Turkish gov't to invest $64B in infrastructure, seal 3,500 projects

YUNUS PAKSOY @yunuspaksoy
Published 22.06.2017 00:00
A view of the Yavuz Sultan Selim Bridge, which was built with a $3 billion investment and went operational in August 2016.
A view of the Yavuz Sultan Selim Bridge, which was built with a $3 billion investment and went operational in August 2016.

Over the last decade, Turkey has invested nearly $90 billion in infrastructure projects like bridges, divided highways, freeways, tunnels, railways and airports, the flow of investments will continue with a $64 billion investment, transport minister says

Transport, Maritime and Communications Minister Ahmet Arslan said late Tuesday that the government will invest TL 227 billion ($64 billion) in infrastructure in the coming years and will complete roughly 3,500 projects in the country. Hosting members of the media at an iftar (fast-breaking) dinner held in the capital Ankara, Arslan said that the government plans to invest hundreds of billions of Turkish lira in infrastructural projects, as the government works on more than 3,400 projects already underway.

"We will make investments worth TL 227 billion [$64 billion] effective from today onwards. The works related to more than 3,400 projects are ongoing. Some of these projects have already been completed, some are still in progress and others were recently launched. Namely, public-private partnership (PPP) investments worth TL 51 billion ($14.3 billion) are also in progress," Arslan said.The minister emphasized that the government has allocated more than TL 26 billion ($7.2 billion) for investment projects in 2017. "We will spend TL 17 billion ($4.79 billion) and complete 179 projects this year," Arslan said.

Transport Minister Ahmet Arslan (R) and Daily Sabah's Yunus Paksoy (L).

The minister said that the Justice and Development Party (AK Party) government has spent roughly TL 350 billion ($98.75 billion) over the last 14 years.
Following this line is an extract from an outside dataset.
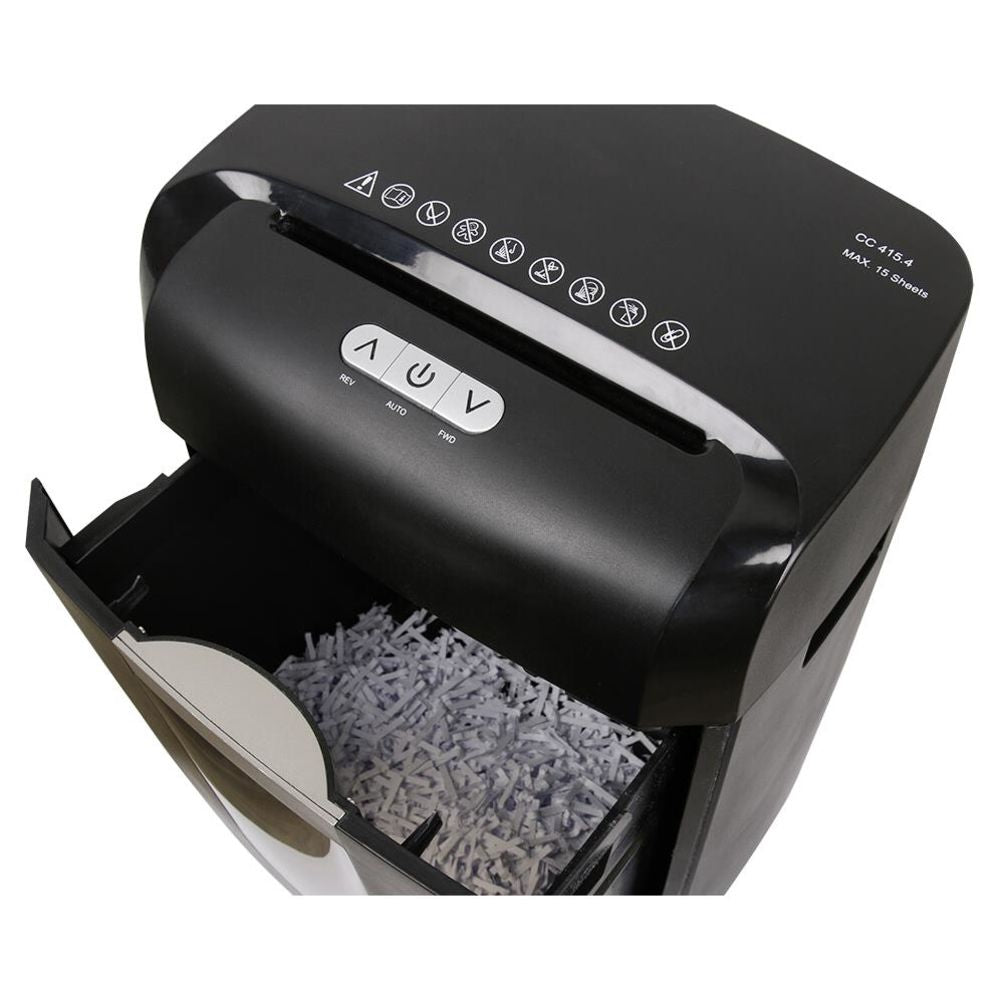 Olympia Aktenvernichter CC 415.4 - 30 Minuten lange Arbeitszeit, Sicherheitsstufe P4, Partikelschnitt, 15 Blatt, 16 Liter, Schwarz
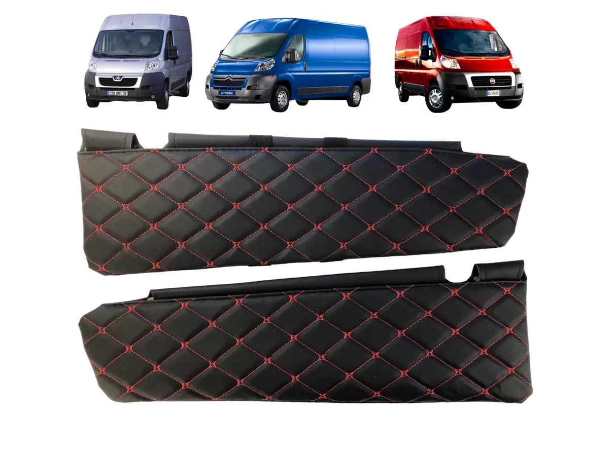 Чехлы на козырьки Peugeot Boxer 2, Citroen Jumper 2, Fiat Ducato 3 черный ромб красная строчка

Of that amount, TL 49 billion ($13.82 billion) has been spent on PPP investments, according to Minister Arslan.

Explaining the ongoing construction of tunnels and bridges across the country, the minister said that the government plans to complete 32 more tunnels in Turkey, noting: "A total of 32 tunnels spanning 68 kilometers will be completed by the end of this year." Arslan went on to say that the AK Party government has built tunnels spanning 300 kilometers across the country in the past 14 years, compared to previous governments in Turkey which could only build tunnels stretching 50 kilometers over 80 years.

The government will hold a tender for 12 additional tunnels in the upcoming political term, the minister also noted.
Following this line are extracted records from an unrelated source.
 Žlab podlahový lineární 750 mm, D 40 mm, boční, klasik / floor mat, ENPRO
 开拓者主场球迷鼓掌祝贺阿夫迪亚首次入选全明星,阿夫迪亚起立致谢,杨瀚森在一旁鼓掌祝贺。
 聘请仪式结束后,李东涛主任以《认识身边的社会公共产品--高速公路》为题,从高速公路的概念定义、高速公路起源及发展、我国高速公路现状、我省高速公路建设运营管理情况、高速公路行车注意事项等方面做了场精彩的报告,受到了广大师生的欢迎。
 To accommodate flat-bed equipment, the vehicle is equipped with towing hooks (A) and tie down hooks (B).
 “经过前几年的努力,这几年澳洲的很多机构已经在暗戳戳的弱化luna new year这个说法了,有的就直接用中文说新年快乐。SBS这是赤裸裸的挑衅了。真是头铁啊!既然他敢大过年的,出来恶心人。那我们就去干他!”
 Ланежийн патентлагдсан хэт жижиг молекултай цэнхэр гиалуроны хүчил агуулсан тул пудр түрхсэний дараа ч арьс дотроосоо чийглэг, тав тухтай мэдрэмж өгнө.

On the other hand, bridges across the country also top the government's agenda. Arslan said that a total of 131 bridges stretching 57 kilometers in total length will be completed by the end of 2017. The minister said: "Work is currently ongoing for 65 kilometers of bridge-way for 431 bridges. We are building bridges, tunnels and viaducts in every corner of the country," he asserted.

Works for Turkish space agency underway

The Transport, Maritime and Communications minister told members of the media that joint efforts between Turkey and Japan will be made for the establishment of the Turkish Space Agency.
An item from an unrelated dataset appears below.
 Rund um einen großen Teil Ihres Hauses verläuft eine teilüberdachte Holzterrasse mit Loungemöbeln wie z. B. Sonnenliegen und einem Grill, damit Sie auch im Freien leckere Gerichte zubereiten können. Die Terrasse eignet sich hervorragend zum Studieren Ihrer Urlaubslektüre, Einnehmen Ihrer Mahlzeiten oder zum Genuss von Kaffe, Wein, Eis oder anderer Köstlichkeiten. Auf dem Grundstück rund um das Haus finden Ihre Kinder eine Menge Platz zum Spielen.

Stressing that Turkey already sends materials produced by the Military Electronics' Industries (ASELSAN) to Japan in collaboration with the Japanese Space Agency, Arslan said that aeronautical research is ongoing. "We will send materials produced at Istanbul Technical University (İTÜ) for the manufacturing of satellites which will later be tested. Materials sent for testing will be returned and, if successful, we will extend the use of it," he asserted.

Number of Turkish-flagged vessels increase

Commenting on a recent law that requires yacht and vessel owners to change their foreign flags to Turkish ones while in Turkish waters, Arslan said that the number of Turkish-flagged vessels has increased, to a large extent.

The Transport, Maritime and Communications minister said that 3,515 yachts and vessels have changed their foreign flags to the Turkish flag. "Our goal was 6,000 vessels for 2017. We are pleased with today's numbers as we have not even completed the first half of the year yet," he added.

Previously, Arslan said in an exclusive interview with Daily Sabah that those who refused to change their foreign flags to Turkish flags would be sanctioned. In early May, the minister said: "More importantly, we want Turkish-flagged vessels in our marinas, rather than foreign-flagged ones. The prestige of our flag is crucial for us. We have also expressed this clearly and, despite the ease of fulfilling this requirement, if certain Turkish-owned vessels refuse to comply, we will enforce sanctions. Those vessels in violation of the new law will either promptly flag their vessels with the Turkish flag or will be obliged to do whatever foreign-owned vessels are obliged to."